Daring Fireball: Reddit Files Lawsuit Accusing ‘Data Scraper’ Companies of Stealing Its Information

Reddit Files Lawsuit Accusing ‘Data Scraper’ Companies of Stealing Its Information

Mike Isaac, reporting for The New York Times:

Eight years ago, SerpApi, a start-up in Austin, Texas, dived headlong into the byzantine world of using robots to “scrape” Google’s search algorithms, so it could collect information to help customers appear higher in search results.

Then OpenAI’s ChatGPT came along, kicking off an artificial intelligence revolution.

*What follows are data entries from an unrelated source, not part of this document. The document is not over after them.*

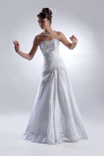 Невеста в свадебном платье на сером фоне
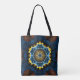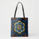Psychedelic Mandala Flower Blue Yellow and Orange Tote Bag
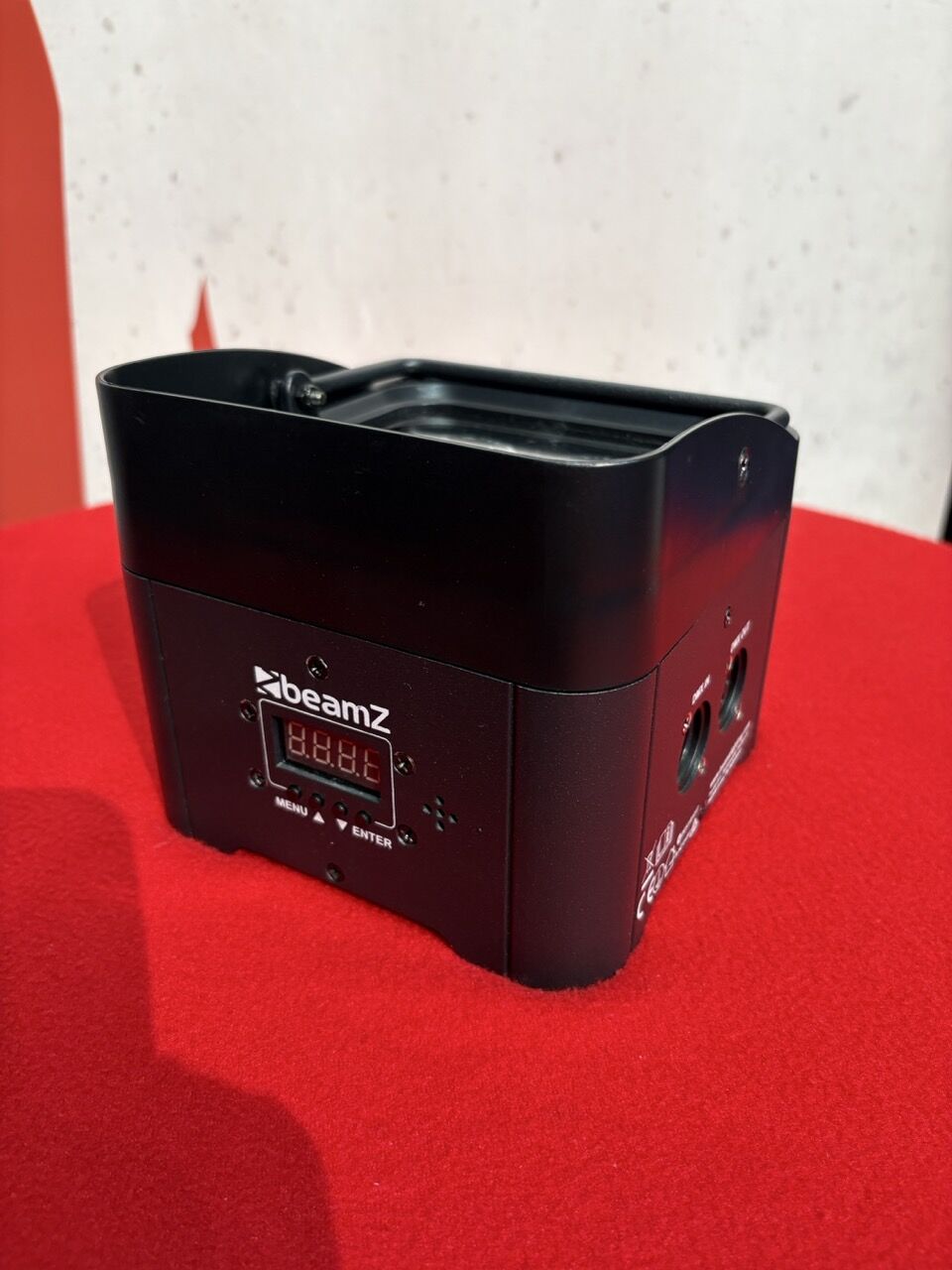 - Anschlüsse: DMX Ein-/Ausgang (3-poliger XLR), IEC-Stecker Ein-/Ausgang

As more tech companies began building A.I. chatbots to keep up, they needed large amounts of data to train their A.I. models — data that SerpApi had already gathered.

Practically overnight, a class of companies like SerpApi — known as “data scrapers” — found a new business selling data scraped from Google to companies looking to train their A.I. chatbots.

On Wednesday, the internet message board Reddit decided to fight the data scrapers. It filed a lawsuit in the U.S. District Court for the Southern District of New York claiming that four companies had illegally stolen its data by scraping Google search results in which Reddit content appeared.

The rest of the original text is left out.